Australian pastoralist (1857–1937)

Donald MacDonald mostly known as Dan MacDonald (1857 – 9 March 1937) was a prominent Australian pastoralist.

==Early life==
MacDonald was born at Bradley in Laggan in New South Wales and was the fourth child of Scottish immigrant Donald MacDonald.

The MacDonald and MacKenzie families had read about the Alexander Forrest descriptions of lands in the Kimberley region of Western Australia that would be open for leasehold. MacDonald had already arrived in Western Australia by 1879 when his father wrote to ask to explore the area.

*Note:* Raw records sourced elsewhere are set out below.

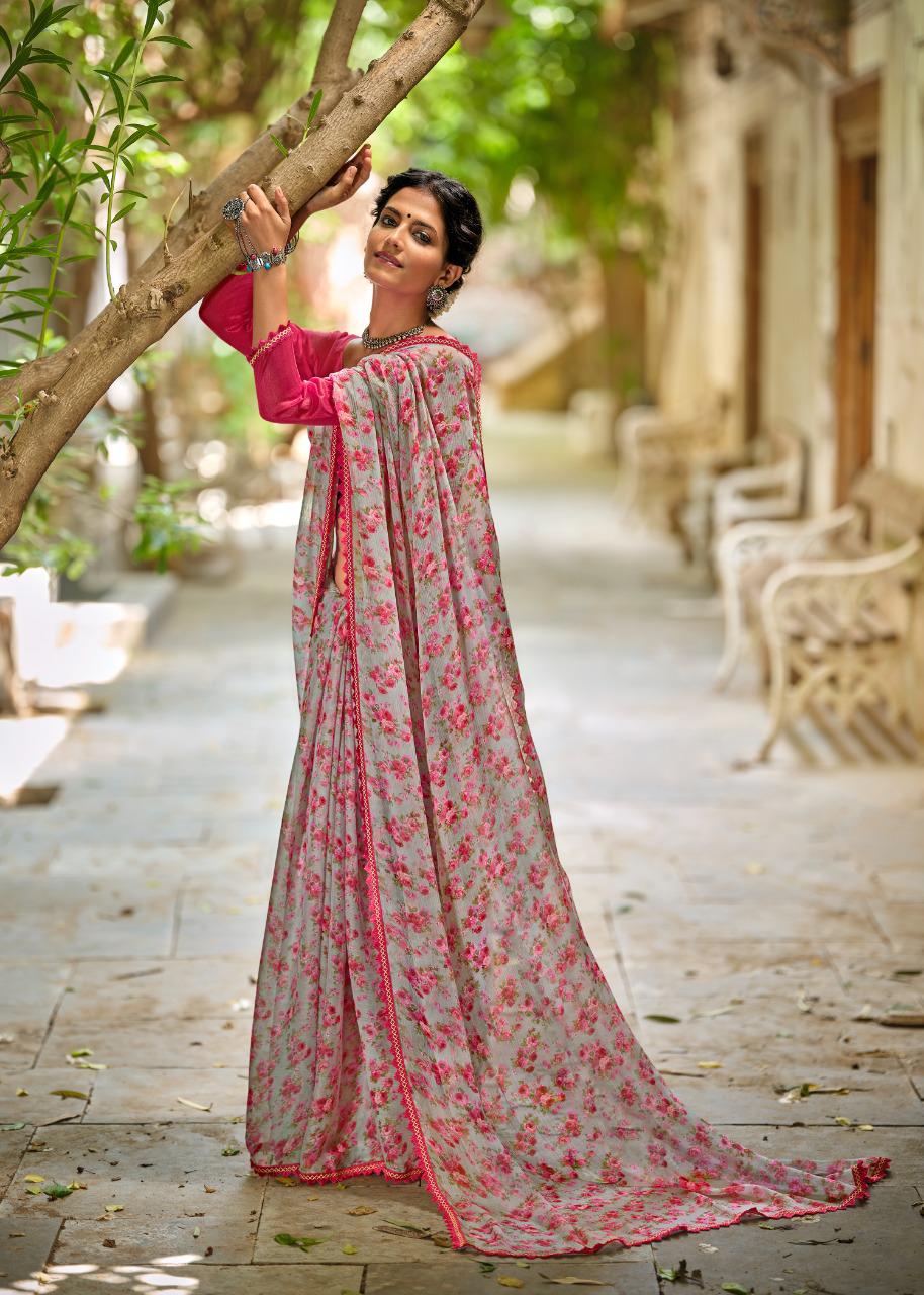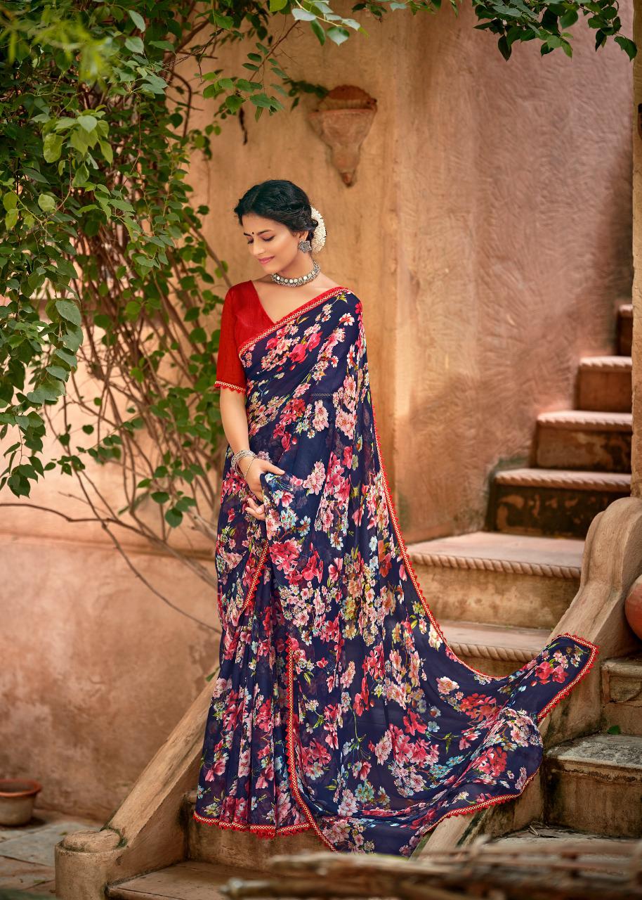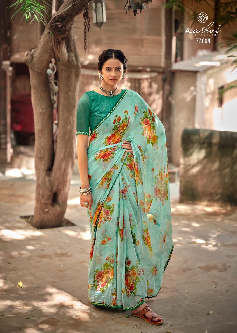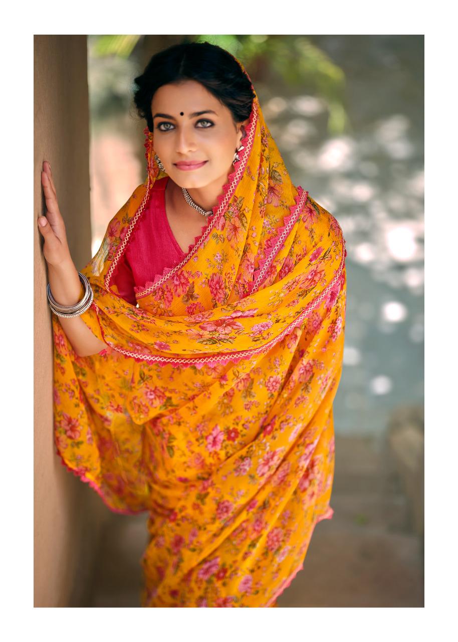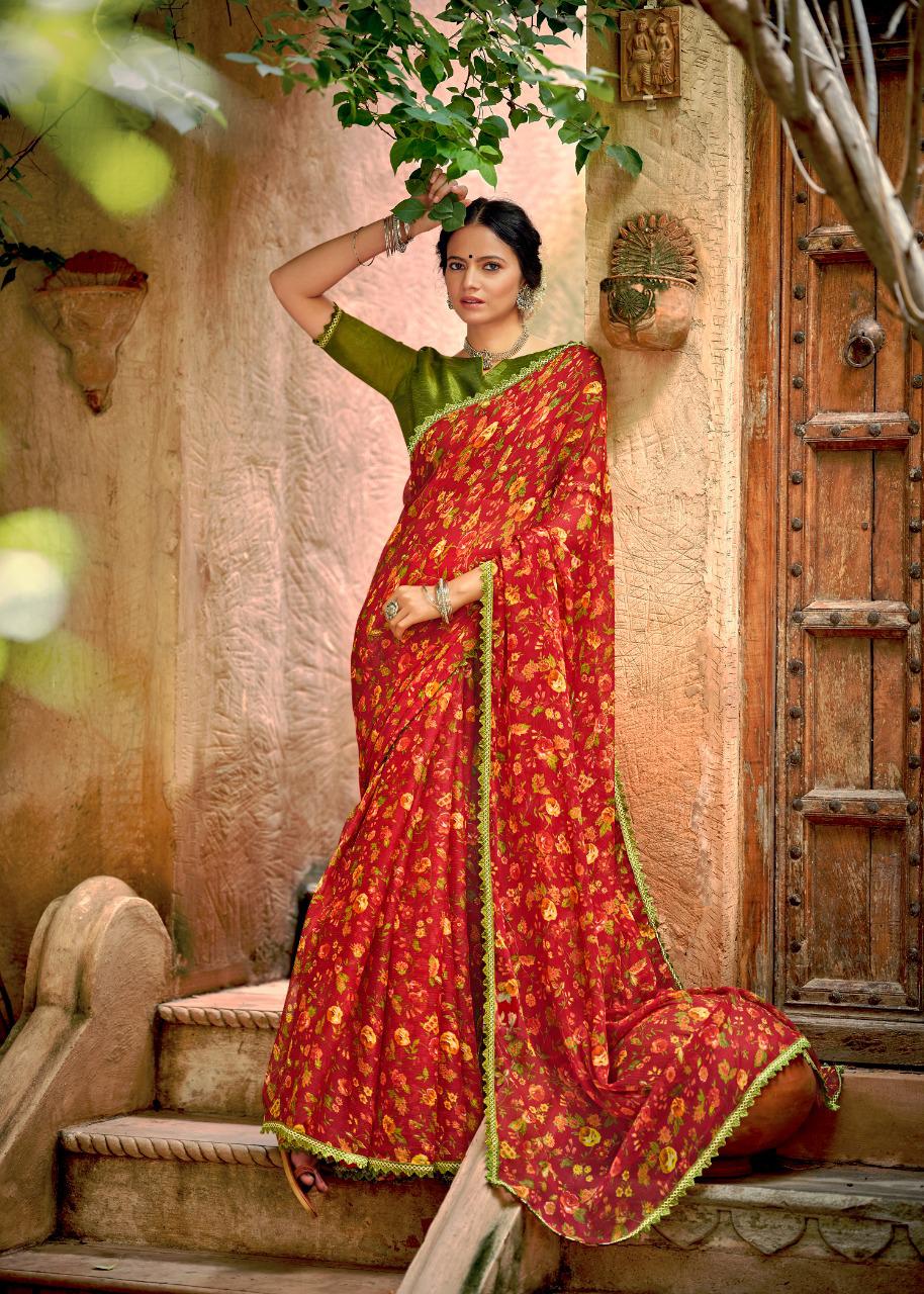 Kashvi Creation Presents Radhika 77001 - 77010 Series Chiffon With Fancy Lace Casual Wear Saree Collection
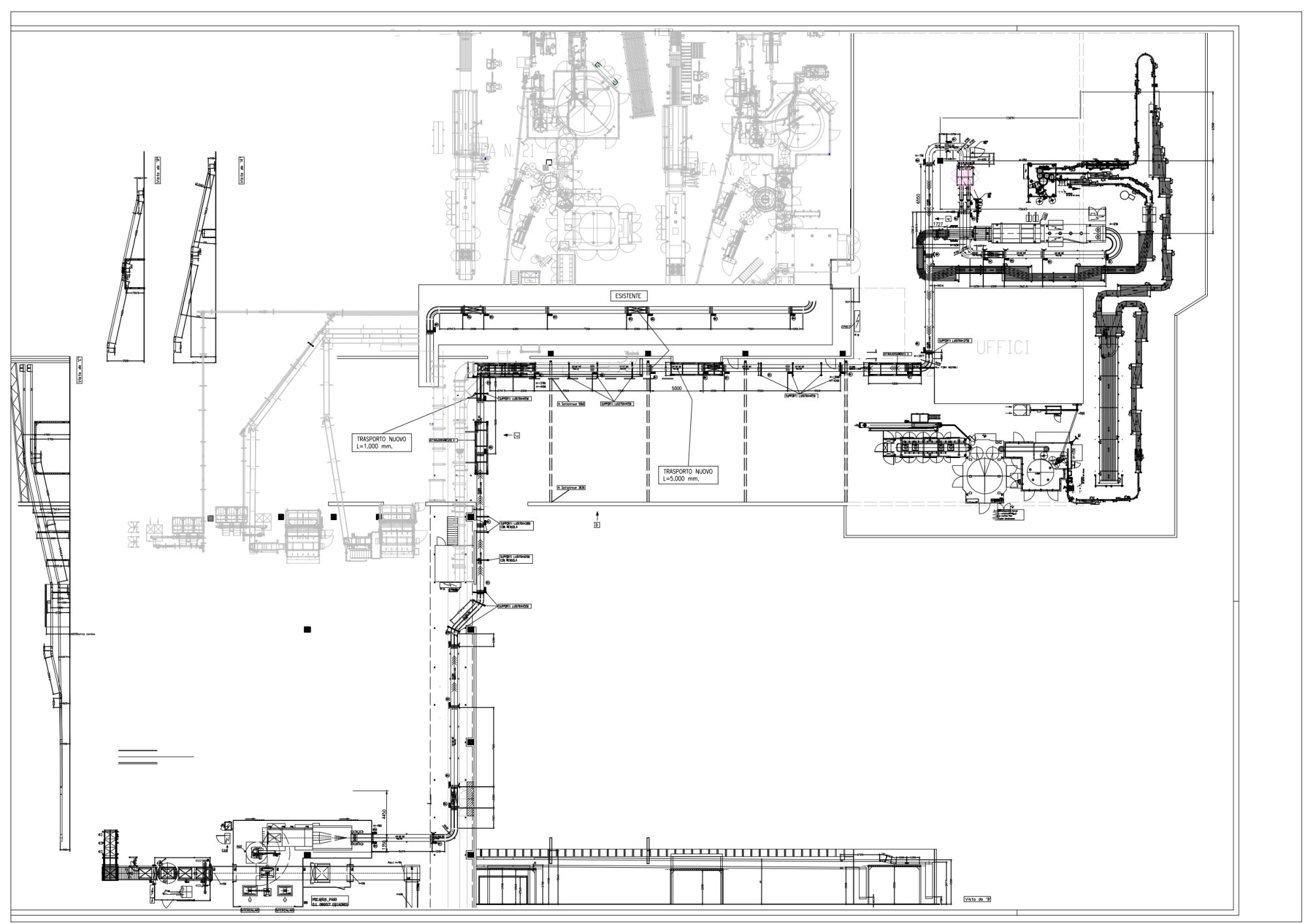L’impianto è composto da diverse sezioni integrate che coprono l’intero processo: dal trasporto contenitori fino alla fine linea con pallettizzazione. La configurazione è adatta a contesti produttivi strutturati, dove è richiesta una gestione efficiente dei flussi e una riduzione delle operazioni manuali.
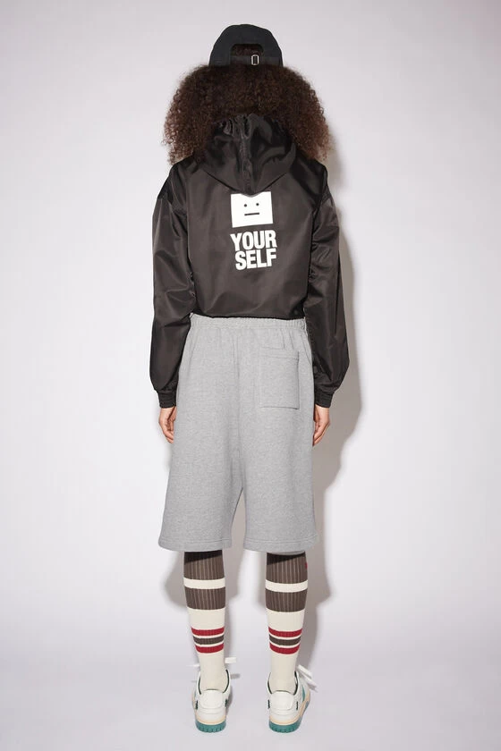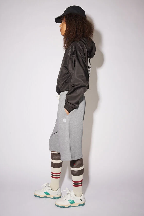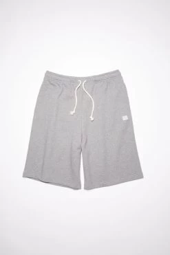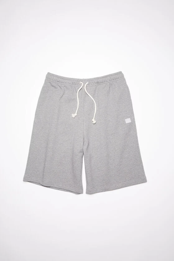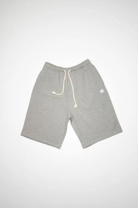 Acne Studios light grey melange fleece sweat shorts are made of cotton with a drawstring elasticated waist, side pockets and an embroidered face patch at the side.
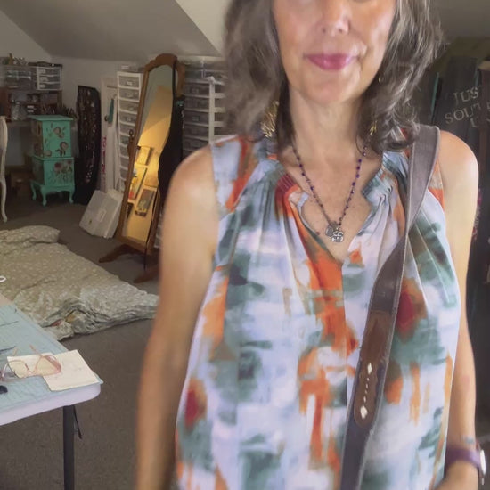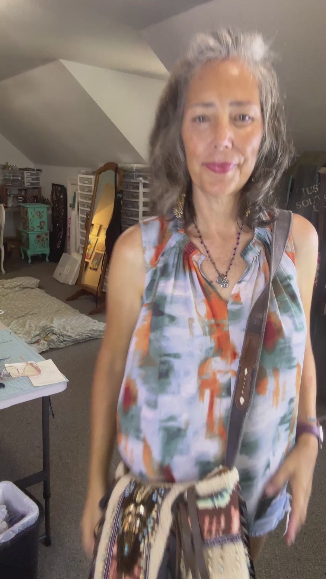 What do you get when you put together a cheetah print sweater, a velvet beaded skirt, embossed faux leather from the fabric store, a tie-dyed beaded blouse, two men's canvas belts, sari ribbon, a faux suede button down top, a faux shearling coat and a couple of boot pulls off of Justin Cowboy boots? Well sometimes you get an outfit, but in this case you get a boho hippie cross body bag!
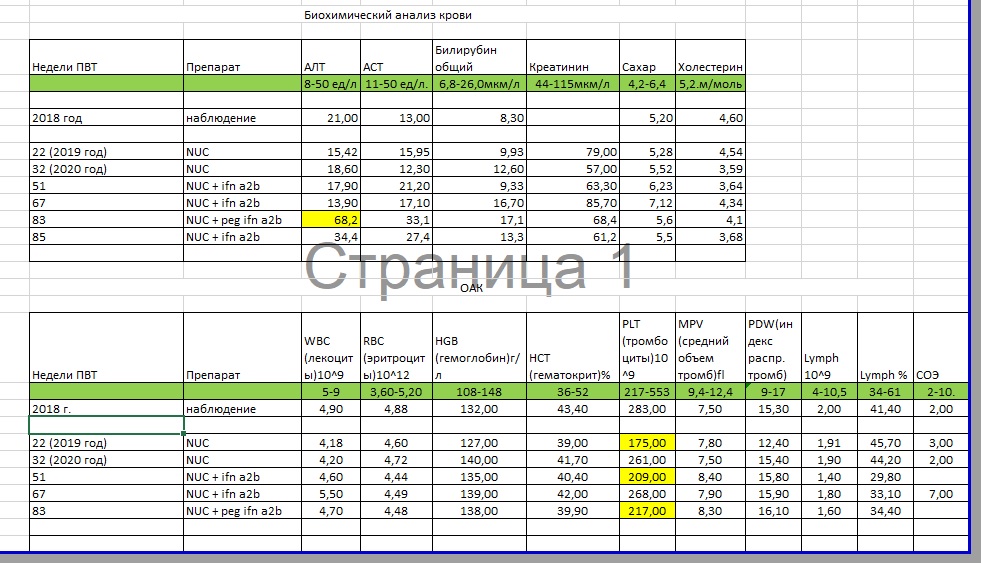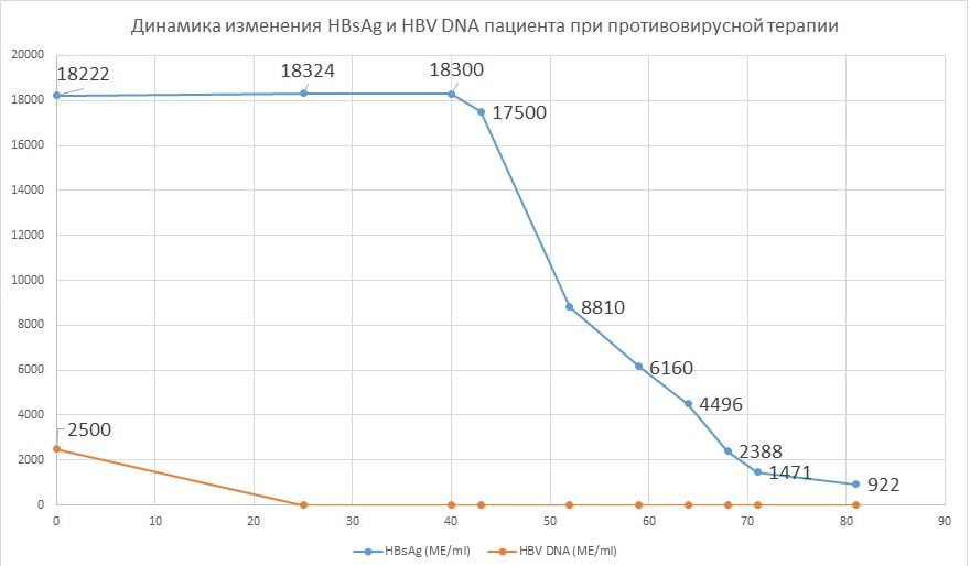 19.11.2016 Старт ПВТ Тенофовир; 5.01.2017 АЛТ 260; 15.02.2017 ПЦР 16000МЕ/мл, 15.05.2017 - 560МЕ/мл, АЛТ 31; 18.10.17 - не обнаружен, 5.01.18 - АЛТ 16; 1.06.2018 qHBsAg 1238ME, 12.04.2021 qHBsAg 750ME

The younger MacDonald did as asked, then applied for a 100 sqmi selection at the junction of the Margaret River and Fitzroy River, that later became part of Fossil Downs Station.

==Career==
MacDonald began to establish the station and waited for his brothers, Charles and William, to arrive with the stock they were droving from Goulburn. The brothers eventually arrived with the stock in 1886. Once arrived the MacDonalds and MacKenzies worked to build the property and cattle numbers soon increased. The MacKenzies sold their interest to the MacDonalds in the early 1900s, Charles MacDonald died in 1903 and then William died in 1910 leaving Dan with sole ownership of the property. The station prospered and MacDonald expanded the holding and introduced Red Poll cattle into the Shorthorn herd. Sidney Kidman acquired a stake in the 1920s but by 1928 MacDonald bought him out and had full ownership again. By 1931 his son, William MacDonald, became a partner.

MacDonald retired to Goulburn in the early 1930s and continued to visit Fossil Downs until poor health forced him to stop travelling in 1935. He died at his home in Goulburn in 1937.